INPUT RECORDS below:

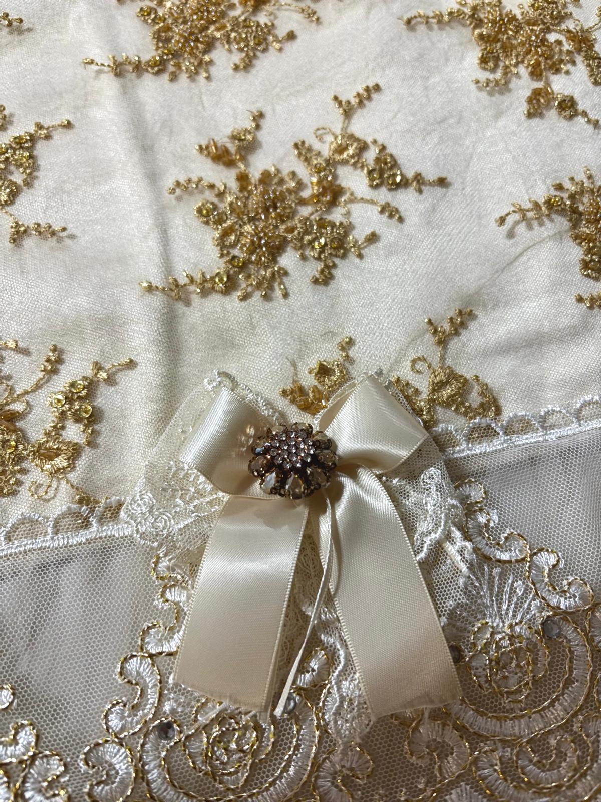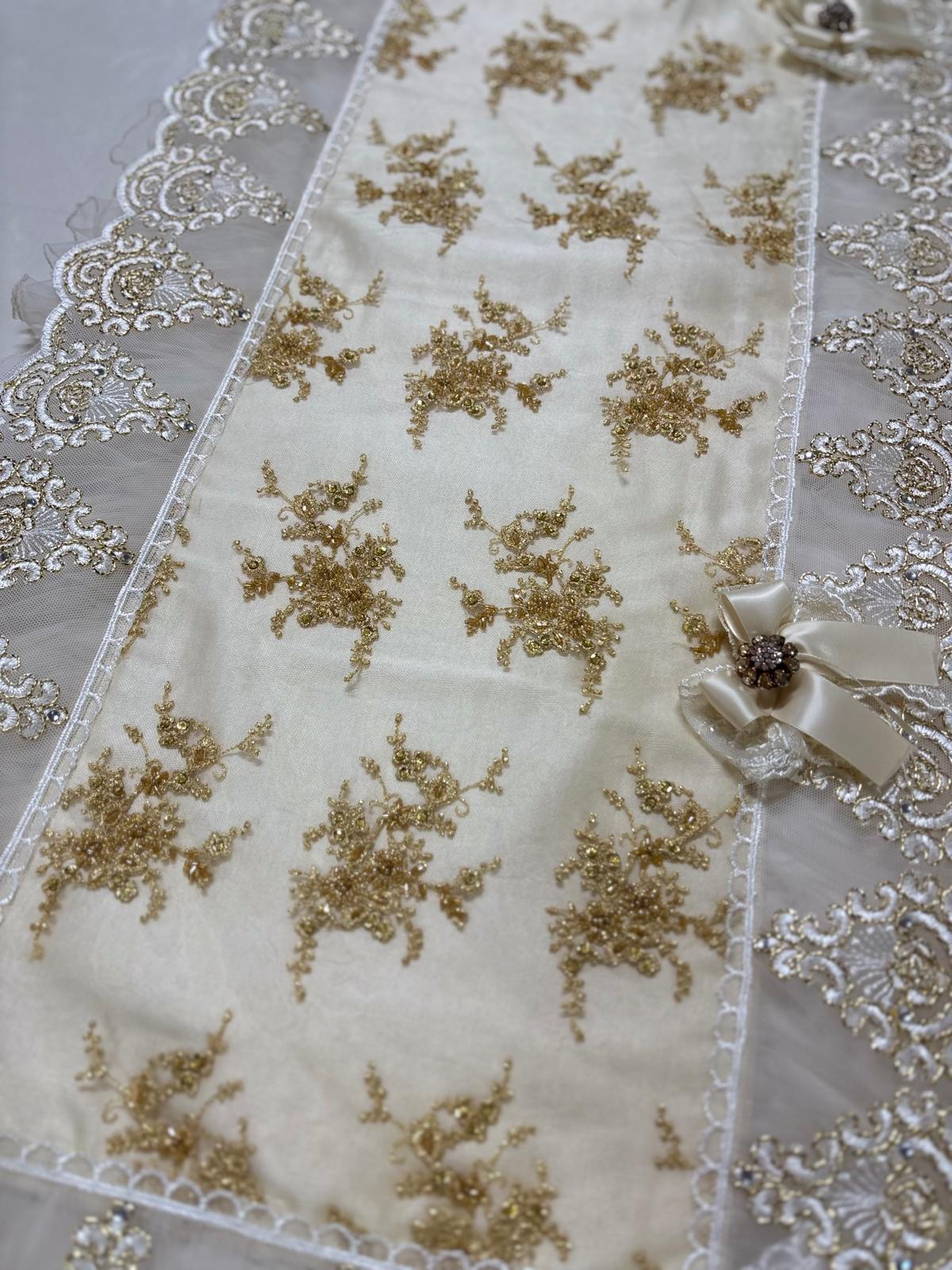 Runner trapuntato avorio e oro con tulle decorato con pizzo sposa oro, con pizzo rebrodè con brillantini e con fiocchi in raso avorio.
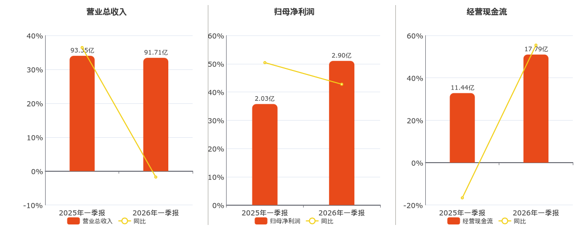公司营业总收入为91.71亿元,在已披露的同业公司中排名第2。归母净利润为2.90亿元,在已披露的同业公司中排名第14,较去年同报告期归母净利润增加8690.92万元,实现3年连续上涨,同比较去年同期上涨42.74%。经营活动现金净流入为17.79亿元,在已披露的同业公司中排名第1,较去年同报告期经营活动现金净流入增加6.34亿元,同比较去年同期上涨55.44%。
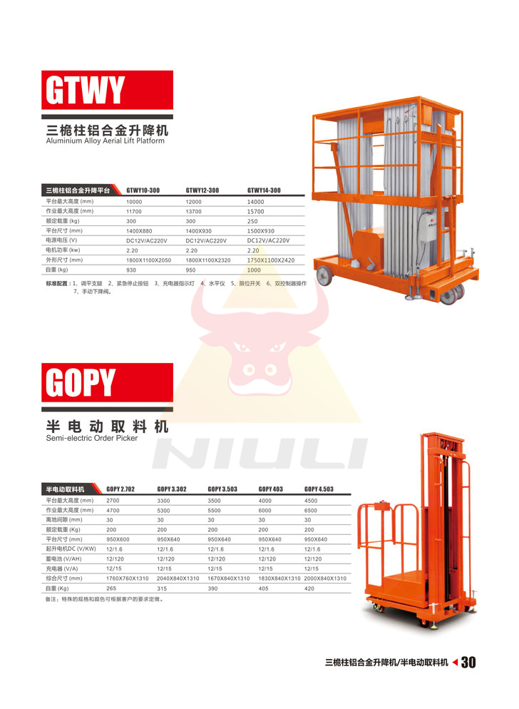 | 平臺最大高度(mm) | 2720 | 3300 | 3500 | 4000 | 4500 |
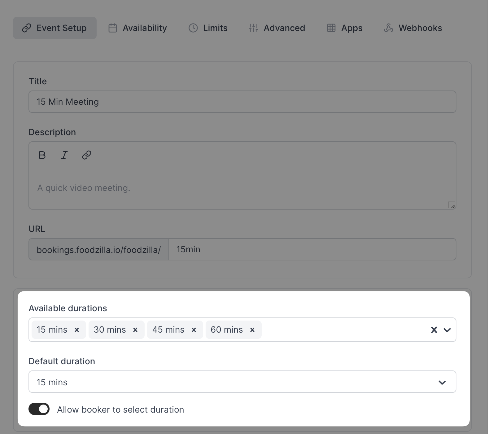 • Select the durations you want to offer, such as 30 minutes, 60 minutes, or any other lengths that suit your service. You can add as many options as necessary.
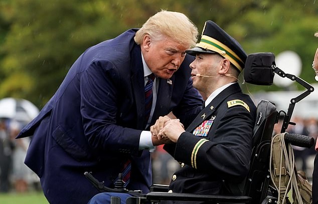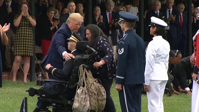 It was a rare display of affection shown by Donald Trump when he hugged the injured Afghanistan hero who sang God Bless America on his wheelchair.
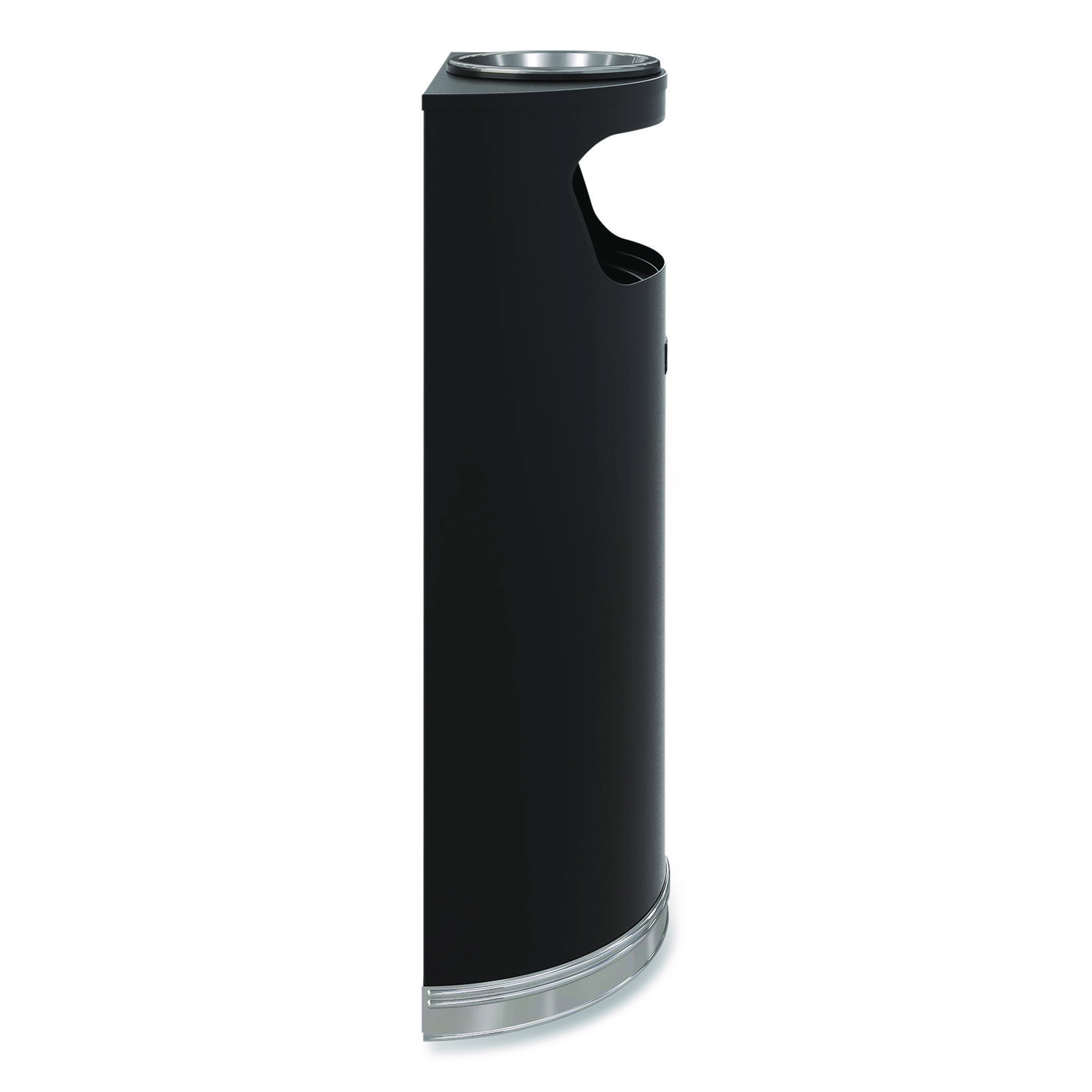 Half Round Metal Trash Can with Ashtray, 9 gal, Steel, Black
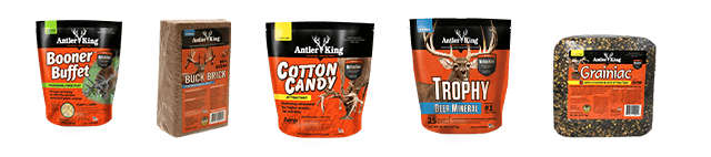 Establish mineral sites with Antler King Trophy Deer Mineral, Power Rack Mineral, Bone Up Mineral, Apple Burst Mineral, and Apple Burst Deer Block. While you will find that the greatest consumption of these four products will be from February to September, it is important to keep these sites full of mineral all year around. Continue your winter feeding program with the Antler King Hi Protein Big Buck Block, Energy Plus Wildlife Block, Sweet Apple Intensity and Attract-N-Fuel.
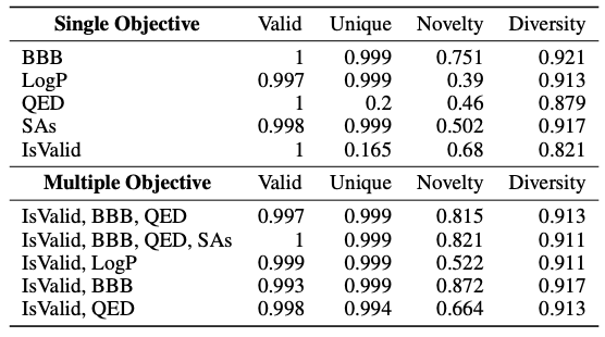 如下表所示,该研究引入 Valid 、 Unique 、 Novelty 、 Diversity 等标准指标,对 BBB 、 LogP 等不同的单一目标 (Single Objective) 进行预测。结果表明,Y-Mol 整体性能更好,相比之下,只有 LLaMA2-7b 模型的结构域适应能力表现不佳,无法生成有效的分子。同时,该研究还同时测试了多重目标 (Multiple Objective) 下 Y-Mol 的药物设计性能。结果表明,Y-Mol 在这种情况下也表现良好。
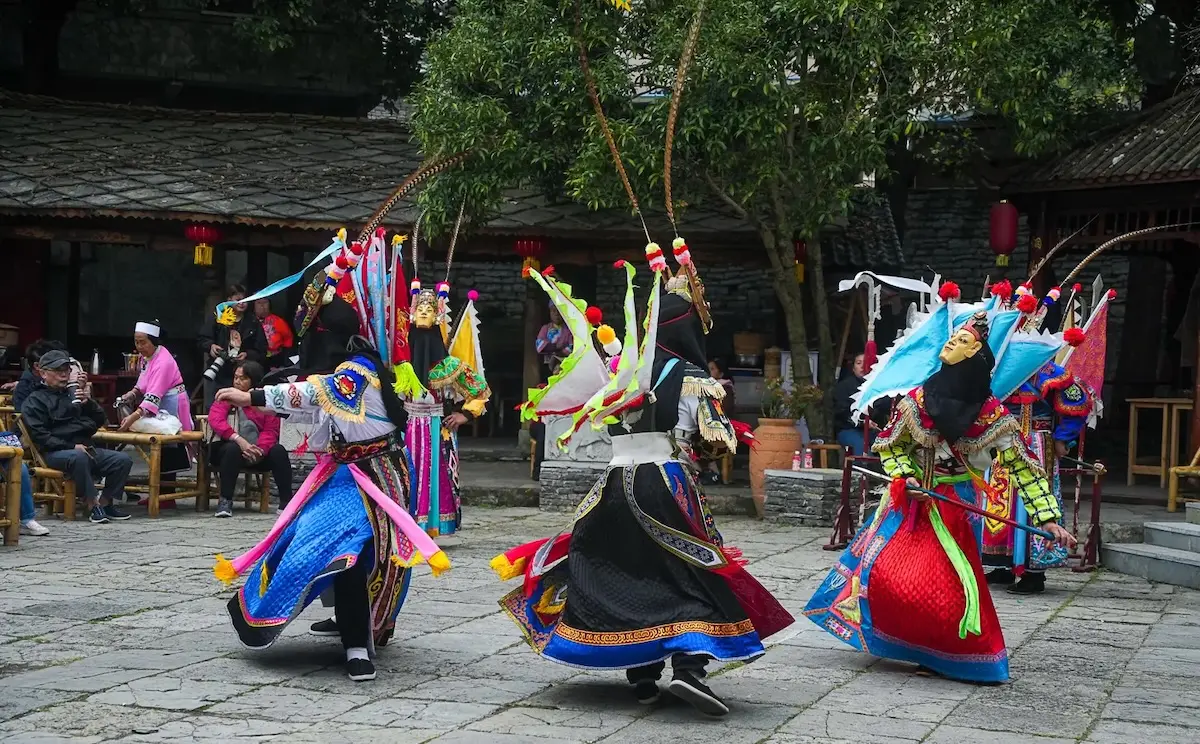 On the way, stop at Tianlong Tunbao, a well-preserved Ming dynasty military settlement. This unique village preserves the ancient lifestyle, culture, and traditions of the Ming dynasty, which have been maintained for centuries. Locals still wear traditional Ming-style costumes, speak the Tunbao dialect, and uphold ancient customs. A highlight of your visit is the Ground Opera (Dixi), one of the oldest operas in China. Performed to tell stories, offer sacrifices, and entertain, Dixi Opera is a cultural treasure left by the Tunbao people and provides a fascinating glimpse into their heritage.
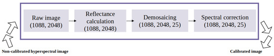 Our recognition pipeline involves a series of pivotal steps. The process commences with calibration, a trilogy comprising reflectance calculation, demosaicing, and spectral correction (Figure 4). These calibration steps play a crucial role in guaranteeing the accuracy and standardization of hyperspectral data.
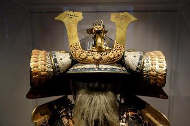| Keywords: Domaru Armor with Bright Red Lacing, Helmet perhaps signed Yoshitoshi, view 2, Japan, late 18th to early 19th century, lacquered iron, leather, silk, cotton, gilt copper, horsehair - Chazen Museum of Art - DSC01728.JPG en Exhibit in the Chazen Museum of Art University of Wisconsin-Madison Madison Wisconsin USA This artwork is old enough so that it is in the public domain Photography was permitted in the museum without restriction 2013-07-21 12 45 11 own Daderot cc-zero Art of Japan in the Chazen Museum of Art Uploaded with UploadWizard Dou dō maru |
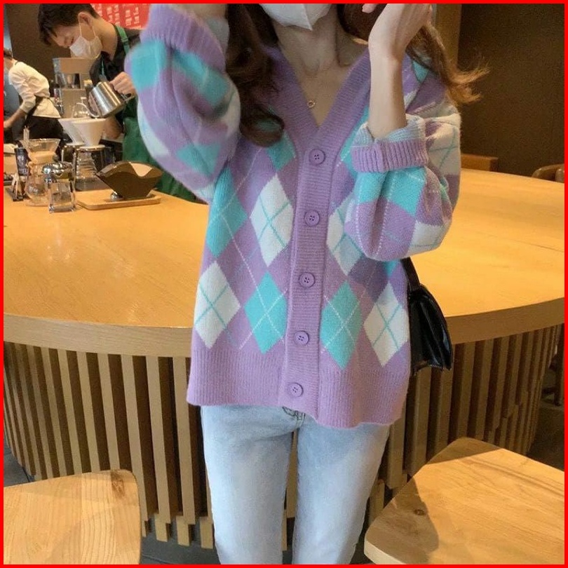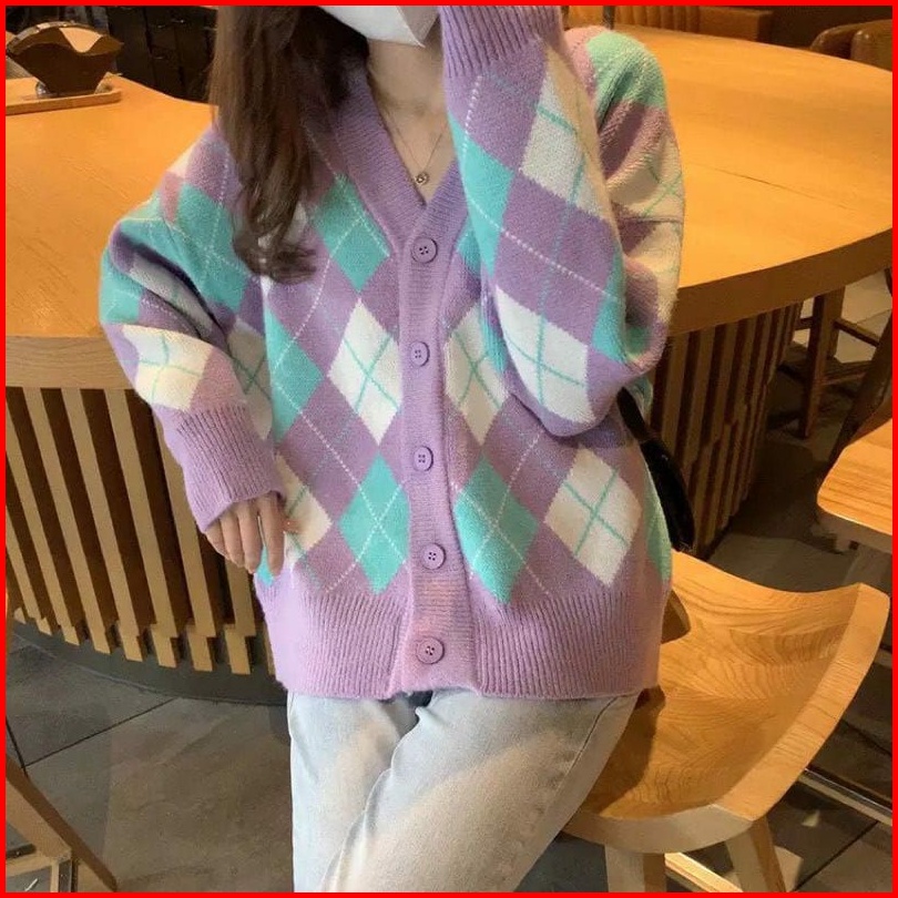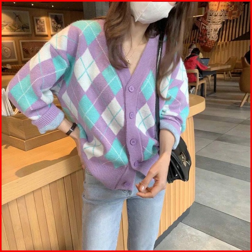 Sullivan Cardigan Restock Lilac Argyle Rajut Cardy Sullivan Lilac Argyle

End of INPUT RECORDS.

• [THE TASK] Exactly the lines above, from the one containing "公司营业总收入为91.71亿" down to the one containing "Establish mineral sites", are to be repeated, including both ends. Pictures are not part of the copy.

• [ANSWER TO THE PROBLEM]
公司营业总收入为91.71亿元,在已披露的同业公司中排名第2。归母净利润为2.90亿元,在已披露的同业公司中排名第14,较去年同报告期归母净利润增加8690.92万元,实现3年连续上涨,同比较去年同期上涨42.74%。经营活动现金净流入为17.79亿元,在已披露的同业公司中排名第1,较去年同报告期经营活动现金净流入增加6.34亿元,同比较去年同期上涨55.44%。
 | 平臺最大高度(mm) | 2720 | 3300 | 3500 | 4000 | 4500 |
 • Select the durations you want to offer, such as 30 minutes, 60 minutes, or any other lengths that suit your service. You can add as many options as necessary.
 It was a rare display of affection shown by Donald Trump when he hugged the injured Afghanistan hero who sang God Bless America on his wheelchair.
 Half Round Metal Trash Can with Ashtray, 9 gal, Steel, Black
 Establish mineral sites with Antler King Trophy Deer Mineral, Power Rack Mineral, Bone Up Mineral, Apple Burst Mineral, and Apple Burst Deer Block. While you will find that the greatest consumption of these four products will be from February to September, it is important to keep these sites full of mineral all year around. Continue your winter feeding program with the Antler King Hi Protein Big Buck Block, Energy Plus Wildlife Block, Sweet Apple Intensity and Attract-N-Fuel.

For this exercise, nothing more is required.